Items listed in a dataset:
#####
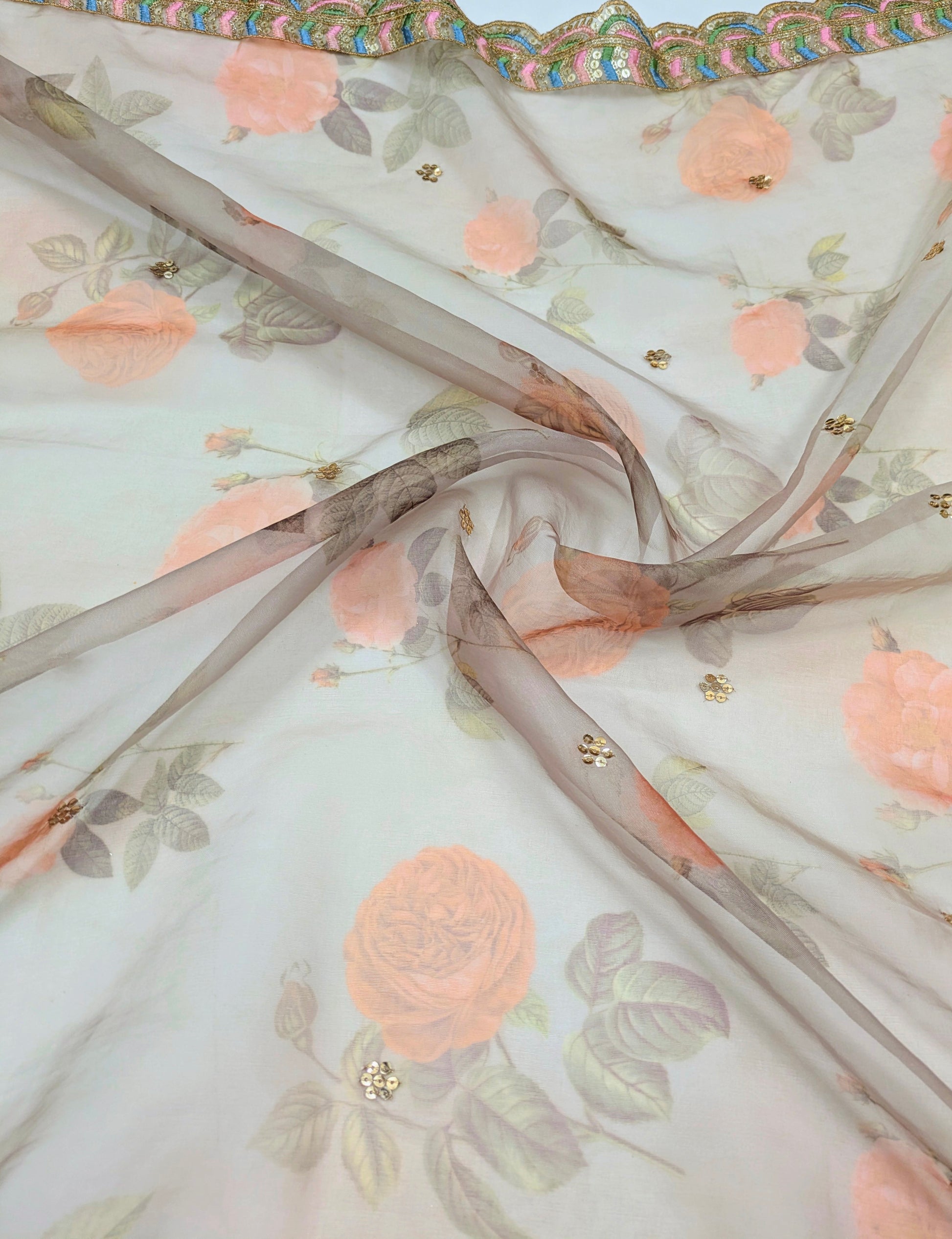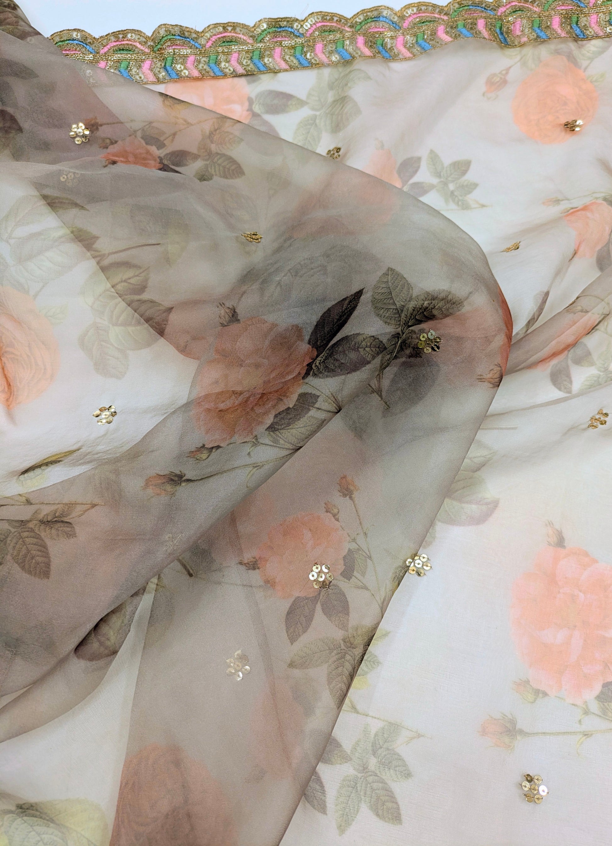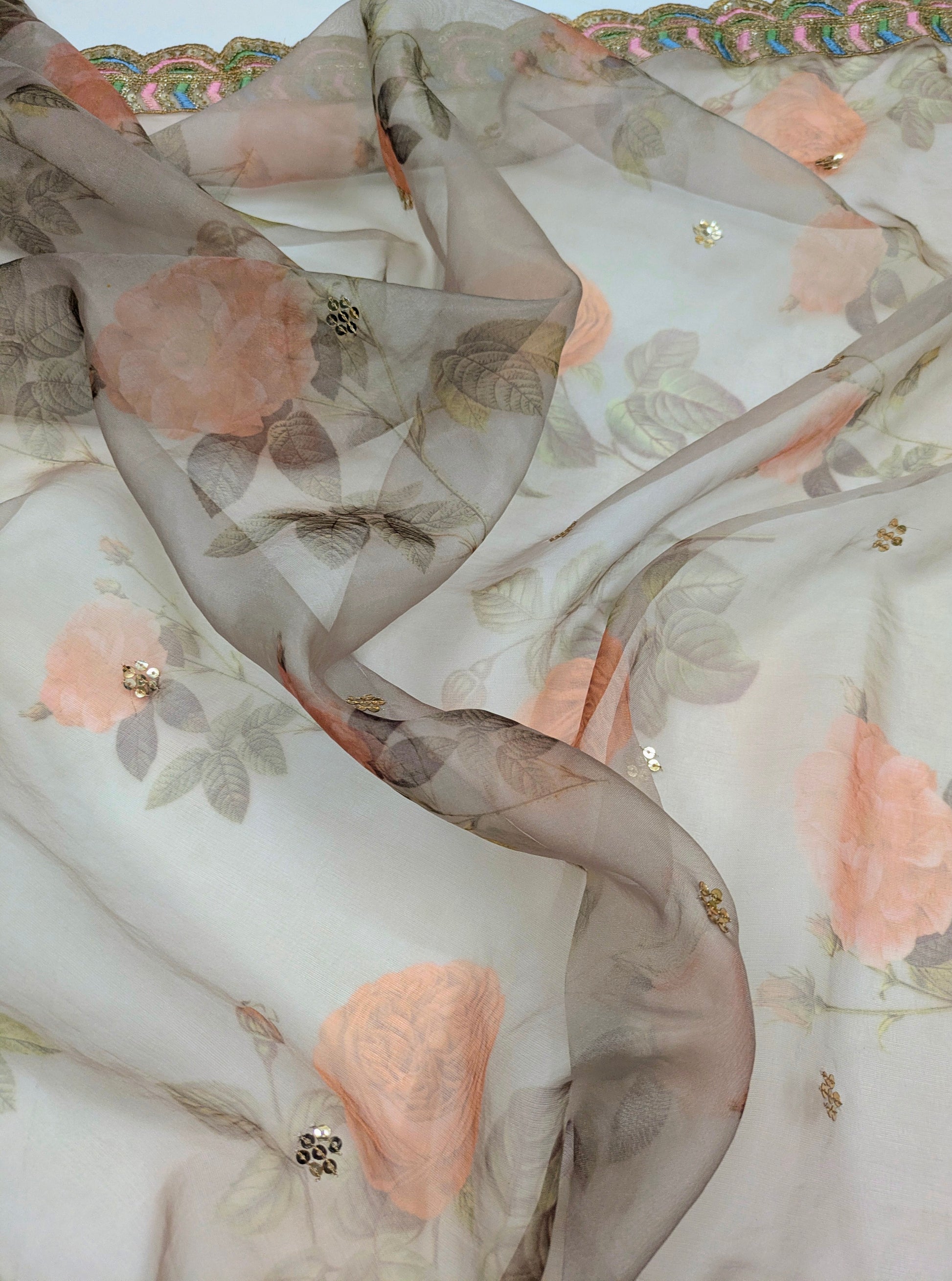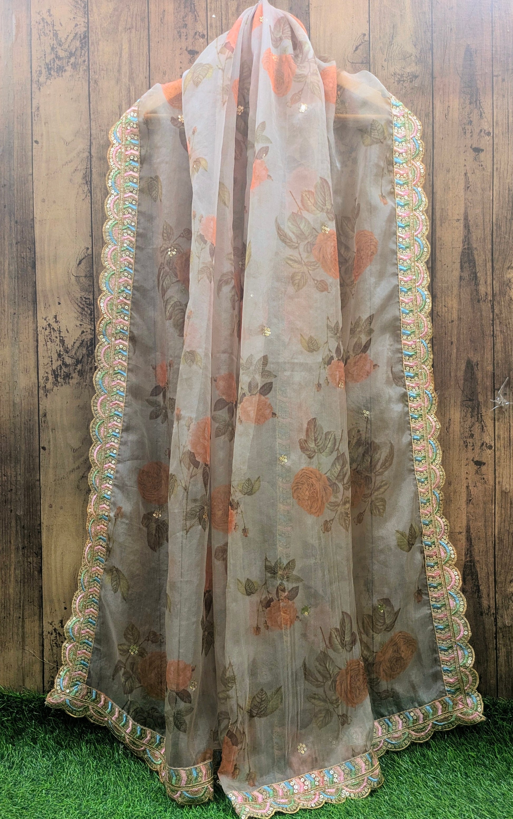 Gray Organza Dupatta and Sequins Embroidery, Indian Stole, Scarf for women, Bridal Wedding Fabric, Veil, DP22
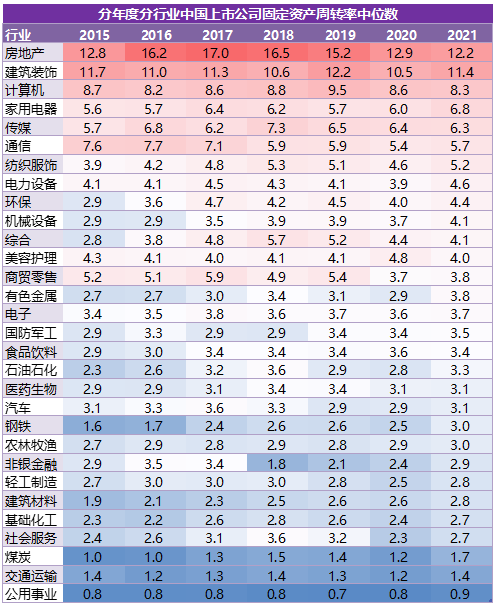 关于固定资产周转率,教科书认为,当经营收入与固定资产关系不大时,固定资产周转率的意义不大。从上市公司数据看,固定资产周转率明显比较高的行业是房地产、建筑装饰、计算机。这三个行业我们知道都不是资本开支驱动的,所以高的周转率意义不大。较低的行业有公用事业、交通运输、煤炭等,这三个行业总体上都属于重资产行业,固定资产放杠杆的能力确实不强。
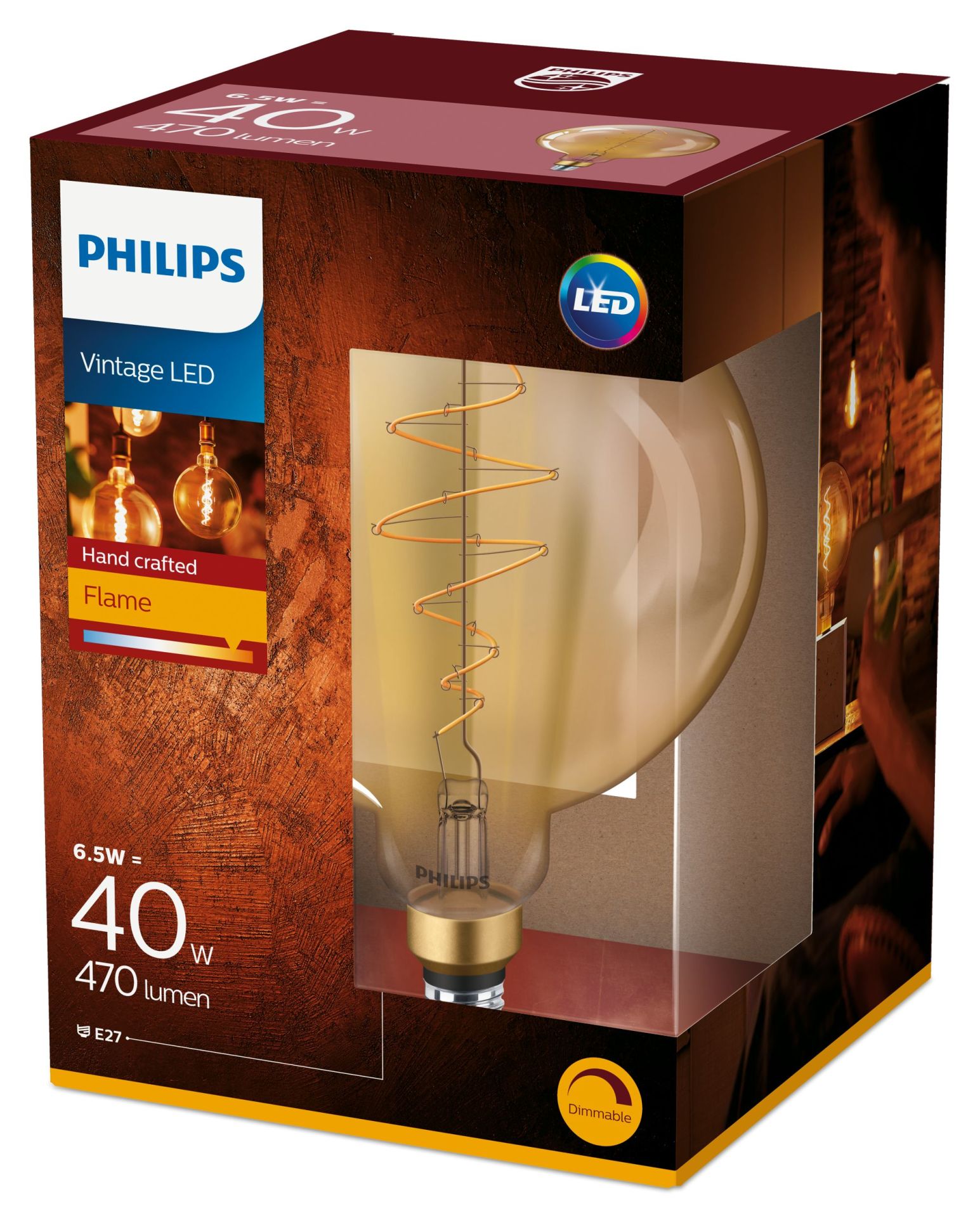 Philips LED Bollamp G200 Filament Gold E27 7W 470lm 1800K Dimbaar
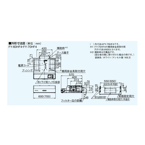 ・換気風量(50/60Hz):650〜230立方メートル/h /650〜210立方メートル/h
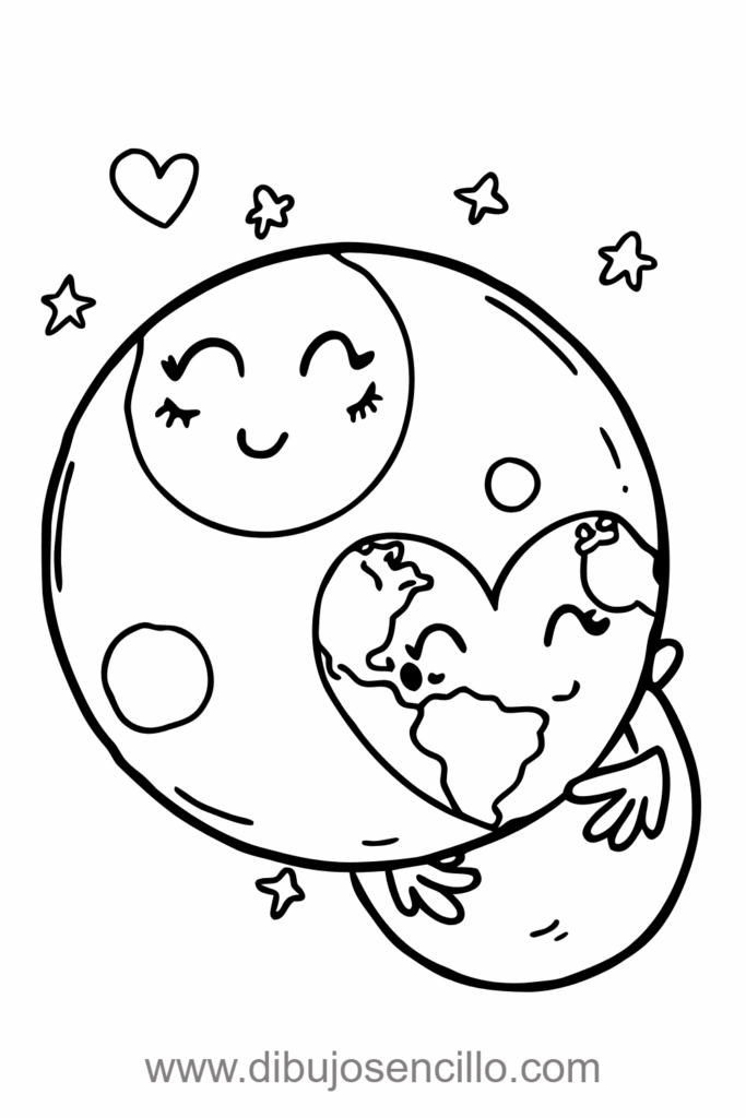 Una luna con brazos envueltos alrededor de la Tierra en abrazo afectuoso, ambos con caras felices. Los corazones conectándolos y visualización de atracción gravitacional representan su vínculo literal y metafórico. El sol observando felizmente añade elemento de familia solar completa y armoniosa.
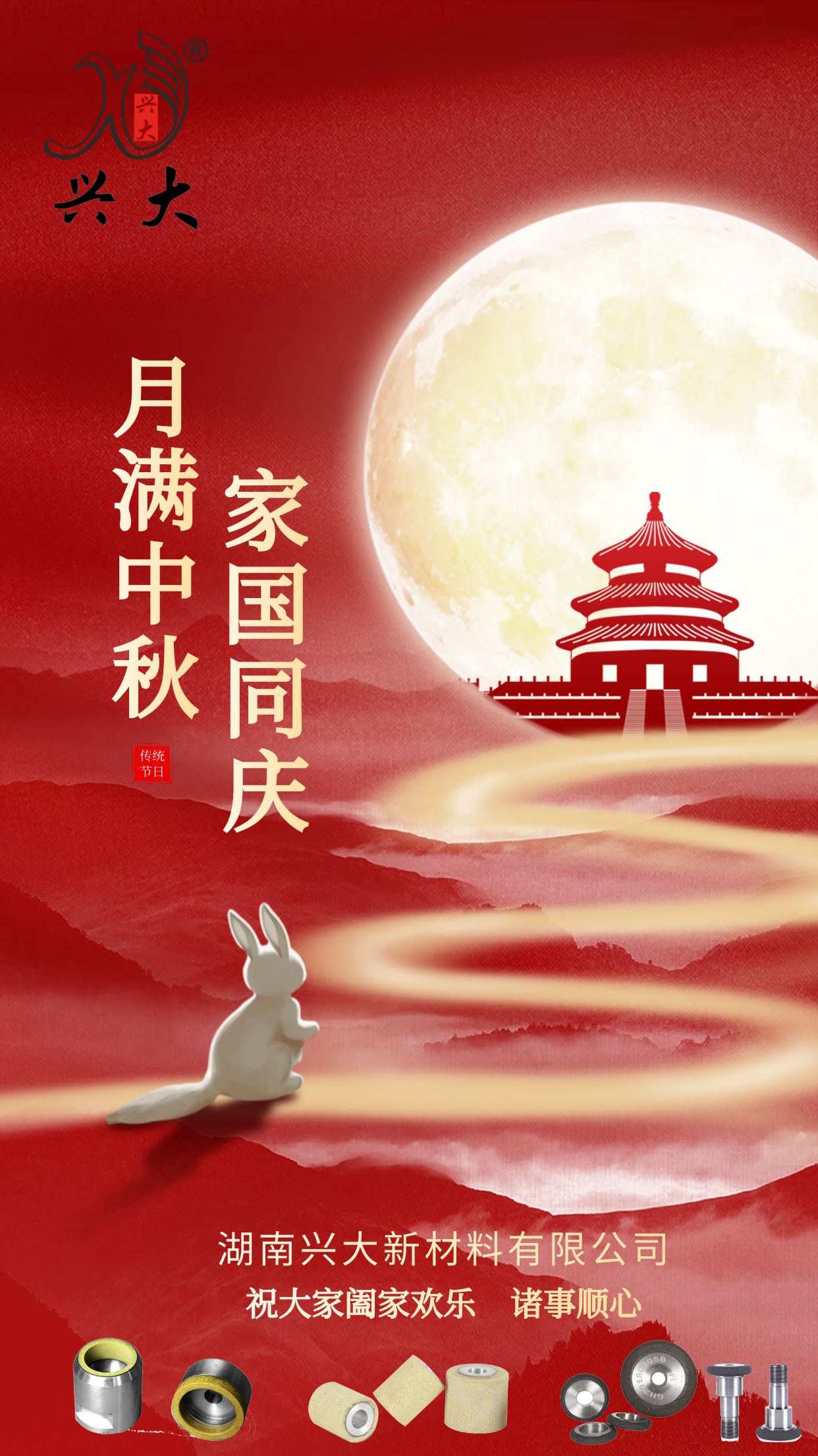 中秋、國(guó)慶佳節(jié)即將到來(lái),在這個(gè)舉國(guó)歡慶,全家團(tuán)圓的日子里,湖南興大新材料有限公司為大家準(zhǔn)備了一份小禮物,祝愿大家節(jié)日快樂(lè)、闔家幸福
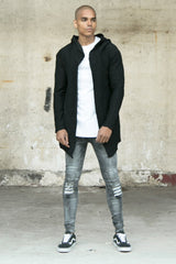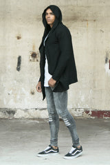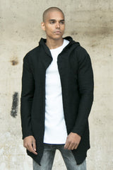 Cape Sixth June Homme, en coton flammé avec une capuche. Coupe classique, poches latérales et pas de fermeture. Modèle noir.
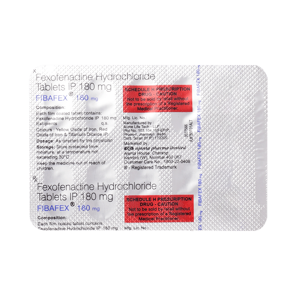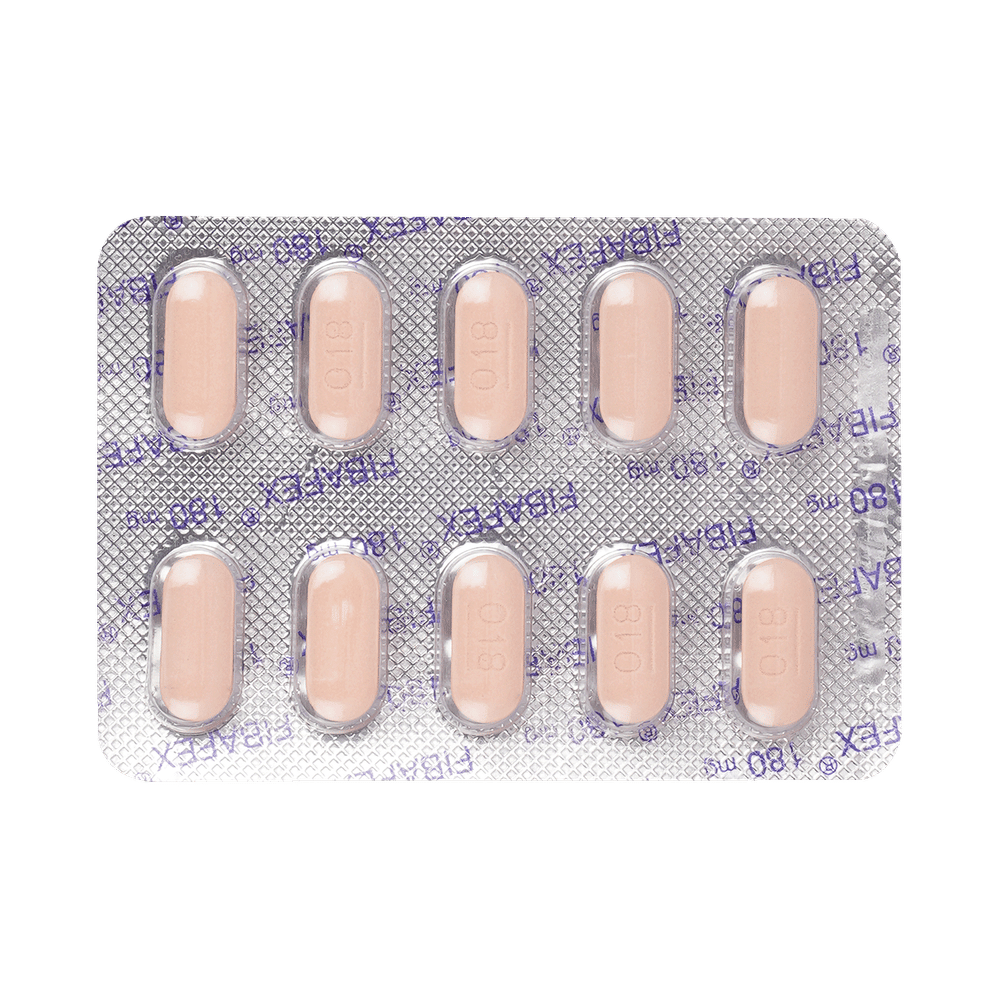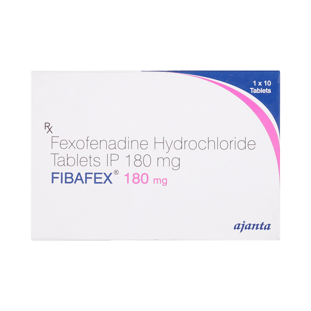 Fibafex 180mg Tablet is an anti-allergy medicine used in the treatment of allergic symptoms such as runny nose, congestion or stuffiness, sneezing, itching, swelling, and watery eyes. It also helps treat skin allergies with itching, redness, or swelling. Fibafex 180mg Tablet may be taken with or without food, in the dose and duration as advised by the doctor. The dose you are given will depend on your condition and how you respond to the medicine. You should keep taking this medicine for as long as your doctor recommends. Do not stop taking it without consulting your doctor.The most common side effects are headache, drowsiness, dizziness, and nausea. Most of these are temporary and usually resolve with time. Please consult your doctor if any of these side effects do not resolve or persist for a longer duration.Do not self-medicate or recommend your medicine to another person even if you see the similarity in symptoms. Consult your doctor to get the most benefit. Inform your doctor if you are suffering from any problems related to the kidneys, liver, or heart. Pregnant and breastfeeding mothers should not take this medicine without consulting a doctor.
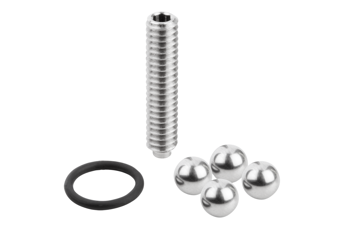 Locating cylinder and ball hardened to min. 40 HRC, bright.
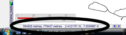 If there are two figures in meters and two in degrees, but the Northing value is less than 5 (like 0.9075 in the sample below), the projection is most likely in War Office (Ghana Grid), either in metes or in feet. The map has to be converted to UTM (see Chapters 5.2.2 and 5.2.3).
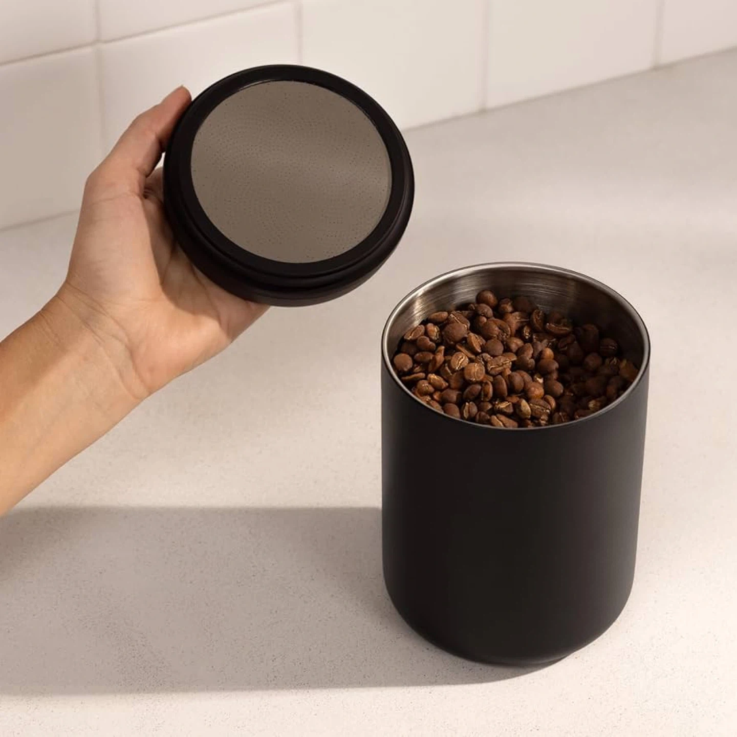 Keep your coffee, snacks, and treats fresher for longer with this Fellow Electric Atmos Vacuum Canister! It's matte black and holds 1.2 liters.
#####
### Problem statement:
Keep to the lines above from the line with "Fibafex 180mg Tablet is" to the line with "If there are", and set down exactly those, inclusive, with nothing else and every picture left out.

### Solution to this exercise:
 Fibafex 180mg Tablet is an anti-allergy medicine used in the treatment of allergic symptoms such as runny nose, congestion or stuffiness, sneezing, itching, swelling, and watery eyes. It also helps treat skin allergies with itching, redness, or swelling. Fibafex 180mg Tablet may be taken with or without food, in the dose and duration as advised by the doctor. The dose you are given will depend on your condition and how you respond to the medicine. You should keep taking this medicine for as long as your doctor recommends. Do not stop taking it without consulting your doctor.The most common side effects are headache, drowsiness, dizziness, and nausea. Most of these are temporary and usually resolve with time. Please consult your doctor if any of these side effects do not resolve or persist for a longer duration.Do not self-medicate or recommend your medicine to another person even if you see the similarity in symptoms. Consult your doctor to get the most benefit. Inform your doctor if you are suffering from any problems related to the kidneys, liver, or heart. Pregnant and breastfeeding mothers should not take this medicine without consulting a doctor.
 Locating cylinder and ball hardened to min. 40 HRC, bright.
 If there are two figures in meters and two in degrees, but the Northing value is less than 5 (like 0.9075 in the sample below), the projection is most likely in War Office (Ghana Grid), either in metes or in feet. The map has to be converted to UTM (see Chapters 5.2.2 and 5.2.3).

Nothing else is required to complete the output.